Reusability of the code: the trainers should be able to run your R markdown on their instance of RStudio
Clarity of the code: the code should be understandable for someone familiar with R programming. Variable names should indicate their content.
Code structuration: the code should be well structured. For example, if a given piece of code has to run at several places in your script, try to encapsulate it in a function rather than duplicating the code.
Code documentation: the code should be documented by explaining what each piece of code aims at. The implementation choices should be documented.
Relevance of the statistical approaches: the markdown should explain why a given statistical method is appropriate to the addressed biological question. Don’t hesitate to comment the basic assumptions underlying the different methods, and the adequacy of your data to these assumption.
Interpretation of the results: for each task, we will ask you to interpret the results and to highlight their biological relevance.

Goals of the analysis

Your work will include the following tasks.

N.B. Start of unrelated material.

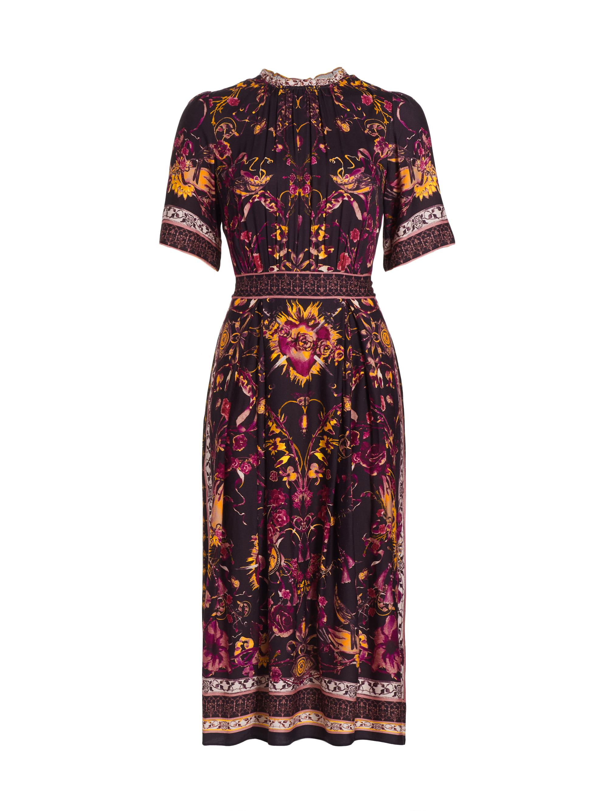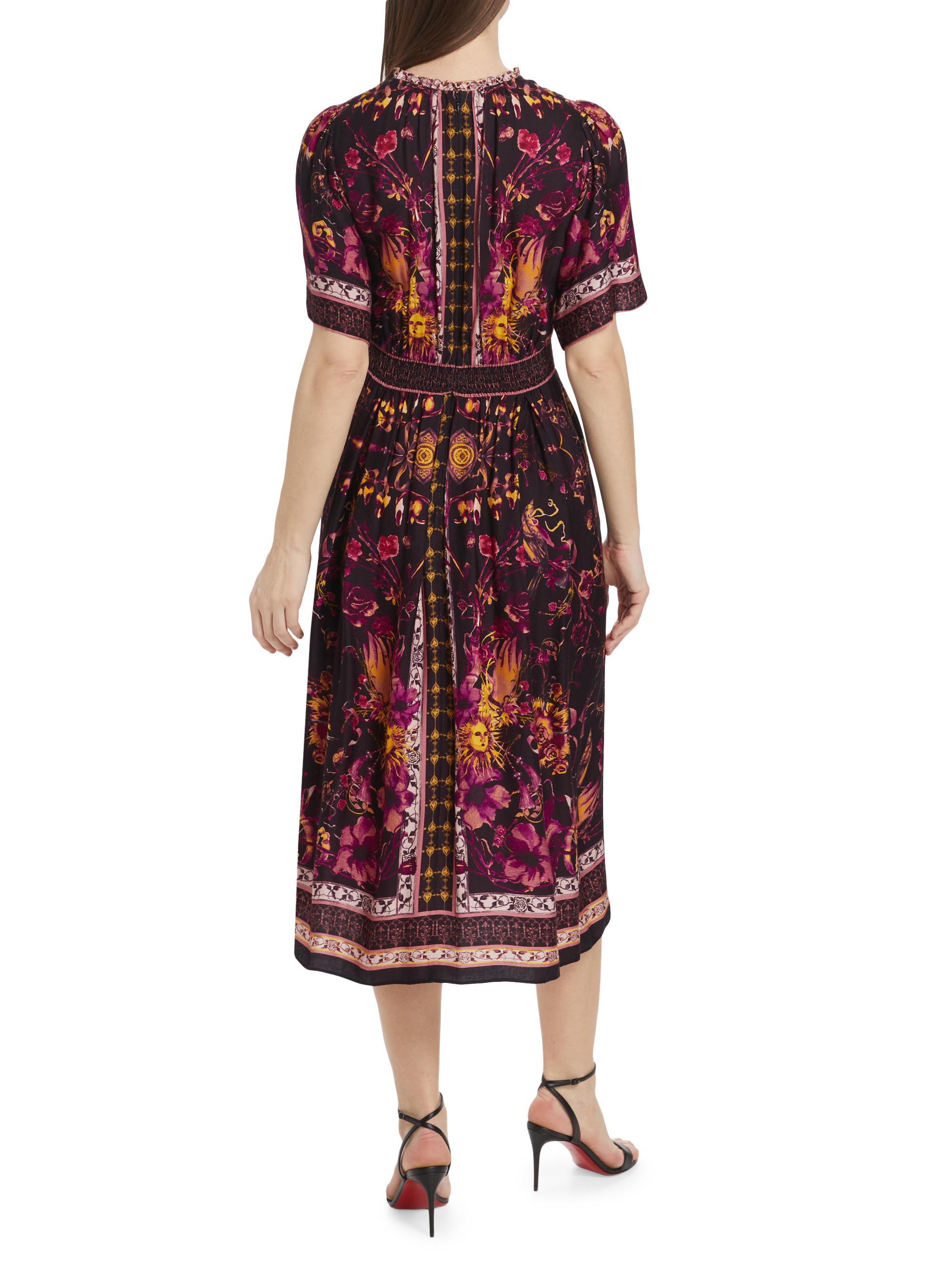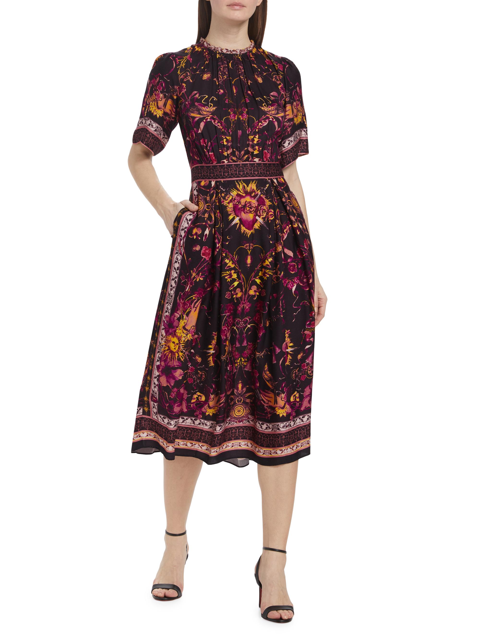 Marchesa Rosa Soma Scarf Print Midi Dress

Data exploration: compute descriptive statistics and use different graphical representations to grab general properties of the data distribution.
- histogram of the data
- dot plot of the gene-wise variance versus mean
- PC plots
Gene clustering:
- run some clustering algorithm in order to identify groups of genes having similar expression profiles across the samples
- cluster the samples in order to see if a non-supervised approach reveals subsets of cancer types, and compare the clusters with the annotated cancer types.
Supervised classification
- choose a supervised classification method among KNN, SVM, Random Forest, or any other method if you feel adventurous.

Specification of the working directories

We propose hereafter a piece of code to instantiate the working directories for this analysis in your account. In principle this code should work on any Unix-like operating system (Linux, Mac OX X), it might require some slight adaptation for Windows operating systems.

## Create a vector with all the user-specific directories, which can be exported in the report afterwards
dir <- vector()

## Specify your home directory
dir["home"] <- "~" # This should probably be modified for Windows OS. 

## Specify the local directory for the personal work
## Don't hesitate to modify this according to your own file organisation
dir["base"] <- file.path(dir["home"], "DUBii", "m3-stat-R", "personal-work")  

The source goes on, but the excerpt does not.